Tuesday, July 26

Tuesday Olio

• Anybody seen the Inhofe family lately?



I do hope they're enjoying their summer.

• Yeah, it's been hot here, too--it's the fucking end of July, fer chrissakes--and it's supposed to get hot again, which is good, because the local teleprompter readers were really in their element, and it seems a shame to interrupt. Last week Channel 8 ("Your 24 Hour News Source") had a dietician on two days running to explain which fruits and vegetables ("watermelon") contained a lot of water, evidently for the benefit of the people who knew they needed to hydrate ("not a word"*) but don't like the taste of the stuff.

No doubt you've endured this sort of thing, too, and if so, thank Richard Nixon, since all of this traces to the Happy Talk format bullshit of the early 70s, when White People, as defined by Which Cracker Ass Yelled the Loudest, grew weary of all the bad news, as defined by anything which made White Cracker Ass politics look bad. So now, not only would the local hairdos rather talk about Nothing, most of 'em don't remember a time when that wasn't the accepted practice. So large amounts of money change hands for advertising slots during a ninety-minute festival of people talking about the weather, which you can get for free from any cashier, barber, or salesman in town. You would imagine that in the intervening forty years at least one college-educated news producer would have edged a cautious toe in the direction of a different pool, but no. Somehow it occurs to no one that for a solid week eighteen of every twenty-two minutes of local news was devoted to advising people who were hot to look for shade.

Not to mention that the advice comes from people whose only non-air-conditioned moments in summer are when they get sent out to do remotes on how hot it is.

Republicans are recalibrating on social issues, Part 4,763:
Two of the most prominent social conservatives looking toward the 2012 presidential election -- Texas Gov. Rick Perry and Minnesota Rep. Michele Bachmann -- now have suggested deferring to the states on marriage laws. That stance meshes somewhat with former Utah Gov. Jon Huntsman's view, and he is perceived to be the most socially moderate candidate in the GOP field. For a party that has in the past remained adamantly opposed to gay marriage, the coming presidential race may be the forum where that position gets a fresh look.

Y'know, a year ago all Mitch Daniels had to do was stand up (okay, and prove to voters he was standing up) to brush aside the Palinistas; today the entire Republican field is one big religious mania, and the rank and file is desperately hoping that Rick Perry will join in.

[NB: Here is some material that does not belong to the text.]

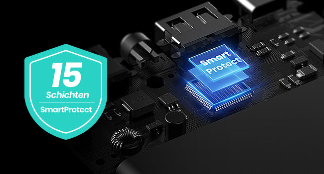 15-Layer SmartProtect wehrt 15 mögliche Laderisiken ab: Keine Überhitzung und keine Geräteschäden mehr.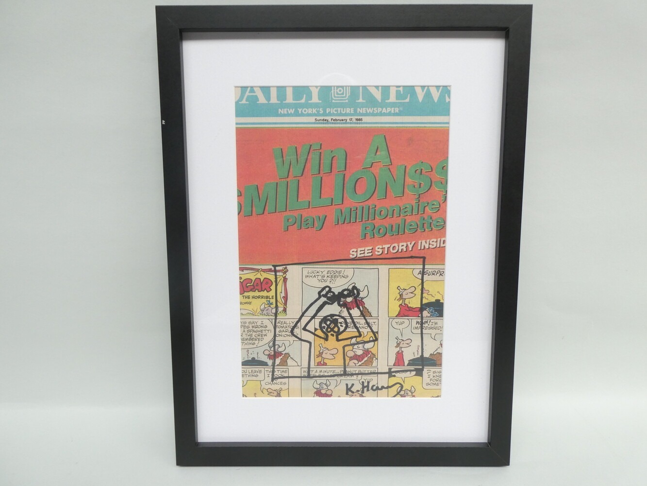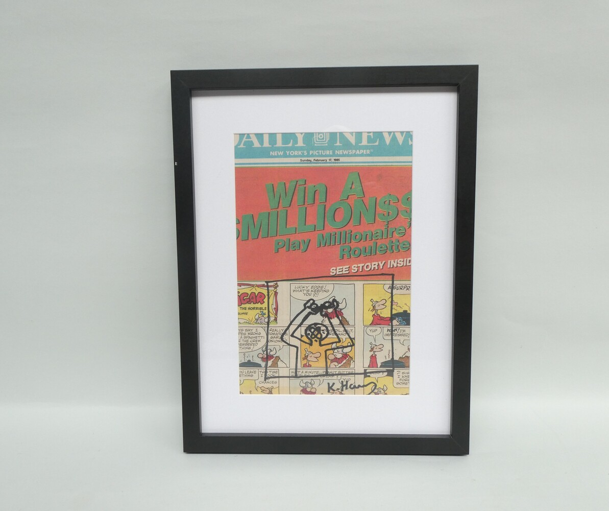"Bokser" viltstifttekening van Keith Haring. Kader 33cm x 43cm.

It is abso-fucking-lutely clear that no candidate will be tossing the Religious Right overboard, certainly not when every last one of 'em is trailing Obama by somewhere between six and infinity points.

Saying "Waall, if'n New York wants queers to marry I guess we cain't stop 'em" doesn't exactly seem a reformulation of the GOP brand to me. Not that it seems like a rallying point, either, and we might act like we've all been to a Republican rodeo before. The minute this attitude hurts Bachmann or Perry in the slightest it'll be adjusted right quick. Or, more likely, they'll just deny they ever said anything so darn foolish. When there's no more political mileage to be squeezed out of the thing, that's when the Republicans will "recalibrate". And you'll know the time has arrived, because it'll be accompanied by an insistence that gays are the real homophobes.

__________
* at least not to me; "hydrate", as an intransitive verb, means "to cause to undergo hydration", meaning, to combine with water, which is not what you do when you drink a glass of the stuff, but saying it that way makes you sound all scientific an' shit.

8 comments:

Doug said...

Word or not, I enjoy Camelbak's slogan, "Hydrate or Die."

Julia Grey said...

hydrate ("not a word"*)

You're fighting a losing battle on that one, I'm afraid.

heydave said...

Whatever one calls it, I always have a glass of water, no ice, with an abundance of red wine.

And the great "recalibration" will take place just after the Ames Straw Poll (13 AUG) after the fucking douchebags have receded from my town, giving it back to the college kids and rich old folks. And people like me.

R. Porrofatto said...

Dunno about hydrate, but I do like to butter up my corn real good, and I get all sycophantic and flattery with stringbeans, too.

(We're already hydrated, to the tune of around 60%, and obese. So I guess organically that makes us lipohydrates or something.)

Sharon said...

Too bad you can't get the CBC evening news where you are. It's a tad heavy on Canadian politics and the Royal Family, but there's not a lot of hooey..

We rarely watched the news when we lived in the US, but we actually watch The National every night.

StringonaStick said...

That's something I've noted on every visit I've made to Canada; even the morning news shows have more actual news than the national US anchor(ed) news does. Must be the latitude...

ifthethunderdontgetya™³²®© said...

George Carlin said that the people who own this country don't want us to be informed.

Since so much of what he predicted is coming to pass, I'll accept this as the best explanation.
~

Keifus said...

Maintain your osmotic pressures out there, Doghouse. When it's this hot, it takes extra attention to achieve proper dilution.